According to what has been observed by Dryad Global since 2017, the areas where pirate attacks occur most frequently have progressively moved offshore. Initially they were smaller in size, except for the Niger estuary, a large area firmly under criminal control. Today, however, paradoxically, attacks occur more frequently in the areas around the archipelago of Sao Tome and Principe, or around the port of Cotonou or the main offshore oil platforms., tens of miles from the coast.

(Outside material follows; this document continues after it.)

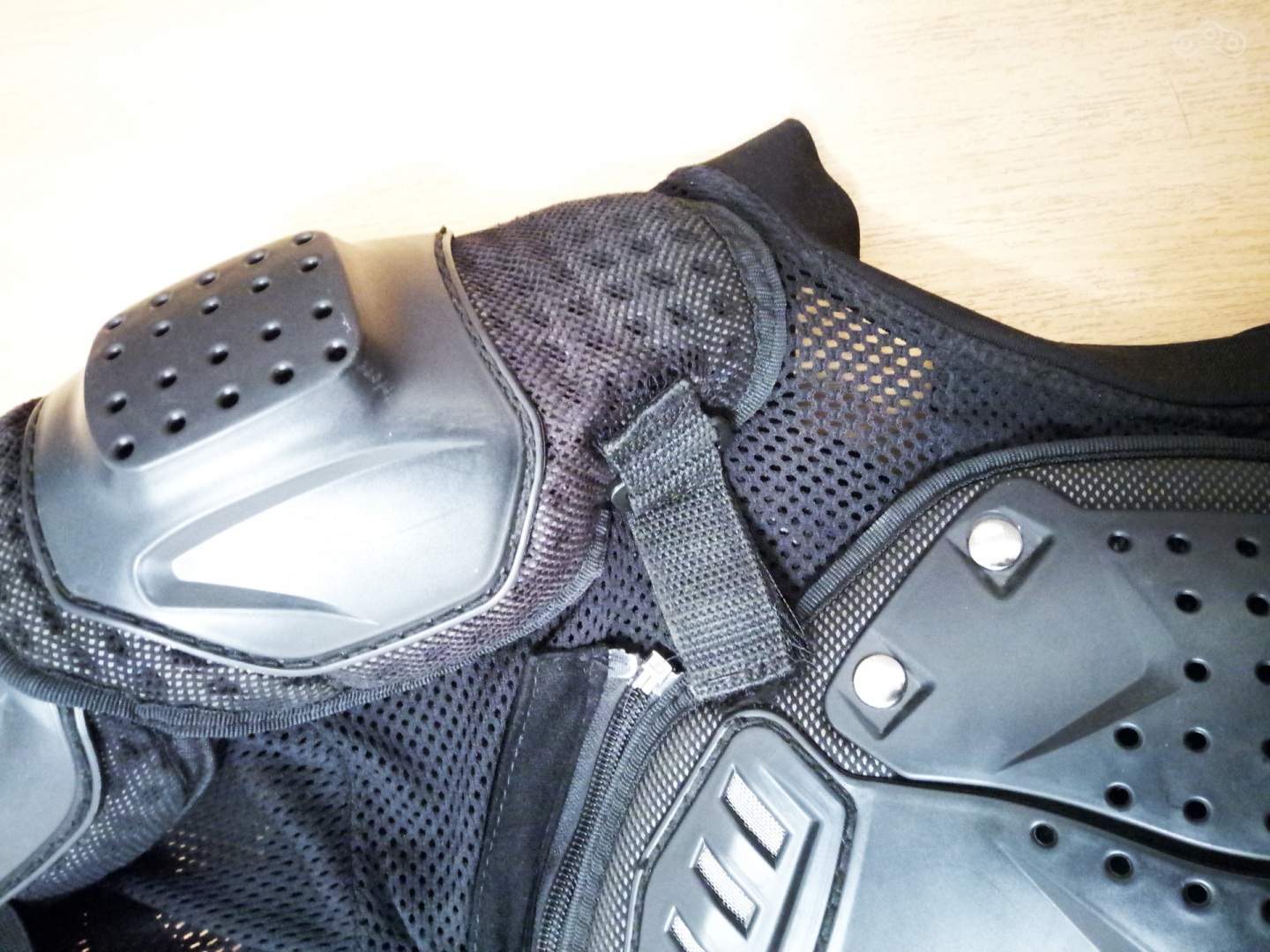 Кратенько пробежимся по составляющим: Имеется защита спины, груди, локтей и плечей. Имеются некие мягкие вставки на уровне пояса непонятного состава и назначения. Элементы из плотного, в меру гибкого пластика за все время не закостенели и даже находятся на своих местах. Отдельно хочу отметить спину, все сегменты защиты проклепаны и прошиты, поясничный отдел держится на шарнире, что очень даже повышает удобство при перемещении. Основа черепахи из сетчатого материала, он слегка тянется, но при этом не прилипает к коже и вполне себе приятен на ощупь.

This fact is the result of two circumstances, adds Anderson: on the one hand, the Nigerian Navy has increased its ability to intervene in the waters of the Niger Delta (so much so that robberies on moored ships have been reduced); on the other hand, the pirates have increased their range, trespassing beyond Nigeria, still maintaining the same impunity.
Who are the pirates
The pirates operating in the Gulf of Guinea are almost all Nigerians. The Niger Delta is the historic area where they find protection and where they hide. The region is the Nigerian counterpart of the Sardinian mountain ranges for the Seizures Company or of the Aspromonte for the 'Ndrangheta of the seventies: hostile, remote environments, which few know, where the central State fails to intervene. It is here, in the midst of these swamps, where the investments of the large foreign energy multinationals are concentrated, starting from the 1960s, from the oil pipelines to the first explorations.
Pirate organizations "are hierarchical organizations, led by individuals for whom others have great esteem," adds Munro Anderson. However, it is useless to try to map them: organizations are created and disintegrated quickly, sometimes they have a name with which they identify themselves, others only the flag - often, with little imagination, representing a white skull on a black background - that flies at the stern of the their boats.

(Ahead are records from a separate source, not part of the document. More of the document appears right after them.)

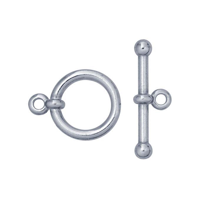 This sterling silver toggle clasp features ball ends and a smooth, bright finish. It is an ideal choice for light- to medium-weight necklaces and bracelets made with silver chain and beads. A toggle clasp is a two-part clasp consisting of a ring and a bar. The bar end requires a short length of chain to allow it to slide lengthwise through the ring, then turn sideways so that it cannot fit back through the ring, effectively closing the jewelry piece. To open, the bar is simply pulled further through the ring just far enough to allow it to turn lengthwise again and slide back through the ring.
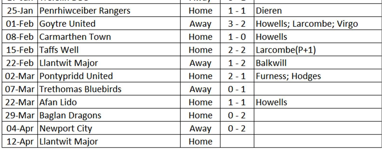 GabrielHowells:forward,age17.ProductofCelcAcademy.Debut:TaffsWell23.[1/1] CallumWakeham:striker;age26.Returnedtoclubintransferwindow.Formerclubs: CaldicotTown,Panteg,CoedEva.Debut:Cambrian&ClydachJan17.
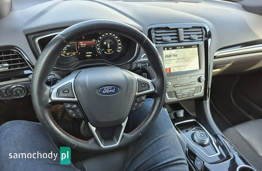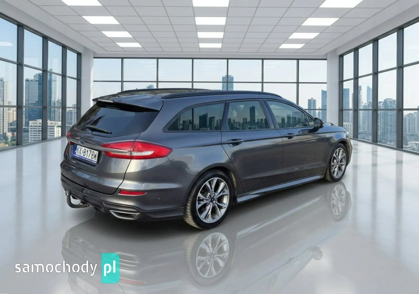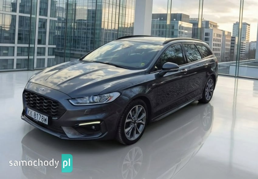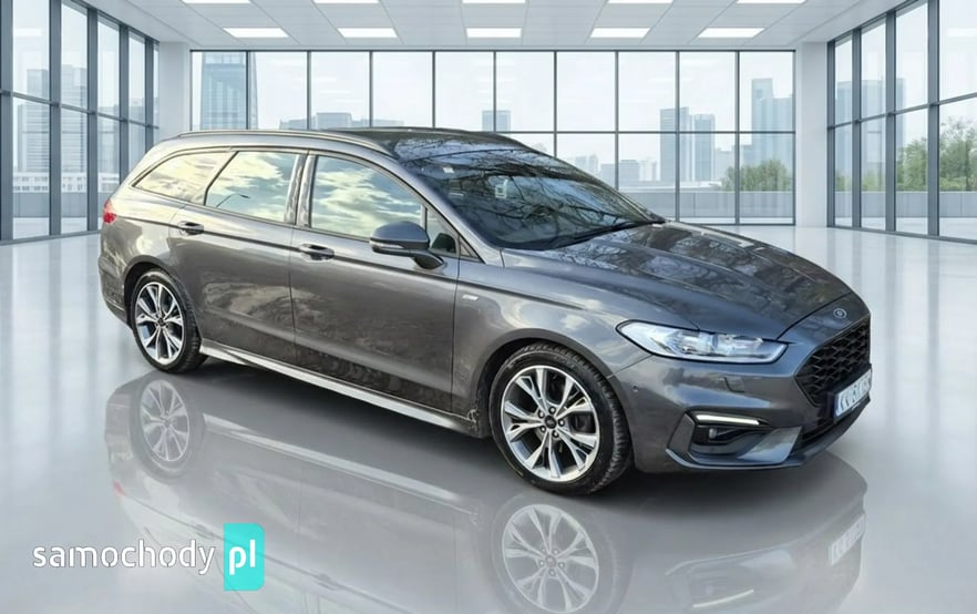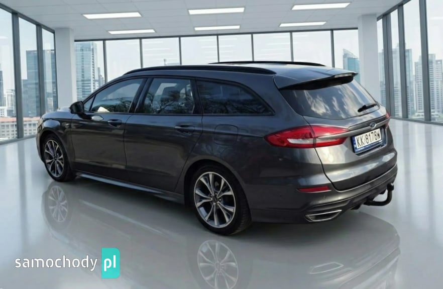 FORD MONDEO 2.0 EcoBlue ST-Line 190KM AUTOMAT – 2019 rok, dynamiczne i komfortowe kombi z nowoczesnym silnikiem diesla, automatyczną skrzynią biegów, przebieg 152 900 km. Idealny wybór dla rodziny oraz osób ceniących przestrzeń, bezpieczeństwo i bogate wyposażenie.

Alongside the realities of pirate groups, there are historical acronyms that are defined in Nigeria as militant group , or "militiamen". Often they are armed groups that have accepted the demilitarization process that began in 2009 but that maintain an important control of the territory, both on land and at sea. However, pirate and militant organizations should not be confused: although they often have similar objectives, they should not overlap.

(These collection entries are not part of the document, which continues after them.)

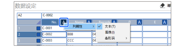 导入文件后,所有列的属性将设为文本。您需要更改包含条形码或二维码数据或图像(图像文件的完整路径名)的列的属性。
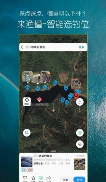 1、找钓场:通过卫星地图查找您附近的钓场。
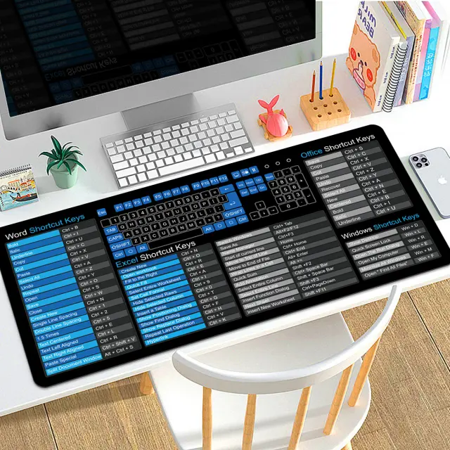 Povečana produktivnost: Ta podloga za miško ima jasno natisnjene angleške bližnjice, ki omogočajo hiter in enostaven dostop do bistvenih ukazov. To lahko znatno izboljša vaš potek dela in skrajša čas, porabljen za iskanje pravih kombinacij tipk. Idealno za študente, strokovnjake in vse, ki želijo izboljšati svojo učinkovitost pri uporabi računalnika. Vizualni pripomoček pomaga hitreje zapomniti bližnjice, kar vodi do bolj gladke in produktivne računalniške izkušnje.
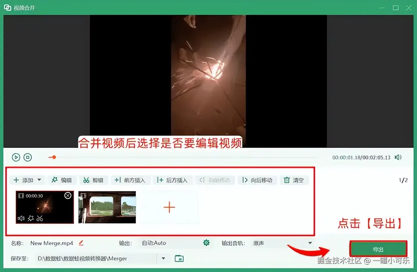 第三步:在视频合并界面,用户可以根据其提供的功能选项对视频进行编辑,完成编辑后点击 【导出】 即可。

There are also cases of organizations that also advertise their piracy actions. Like the Niger Delta Avengers, who in 2018 launched a campaign to destroy the Delta's Naval Gas Storage Units (FPSO) from their site. The FPSOs are still sensitive targets of pirate attacks, as demonstrated by the coordinated attack by two fast motorboats which took place on 3 October on the Sendje Berge, a vessel that works for the Asian oil company Addax Petroleum on a field identified by the OML 126 license. outcome, reports Dryad Global, would be the kidnapping of 11 people for extortion purposes. The Coalition of the Niger Delta Agitators (CNDA), an umbrella organization that encompasses some of the historical acronyms of the armed struggle in the region, had declared its intention to hit oil plants.
Lorenzo Bagnoli - Investigative Reporting Project Italy 06 August 20.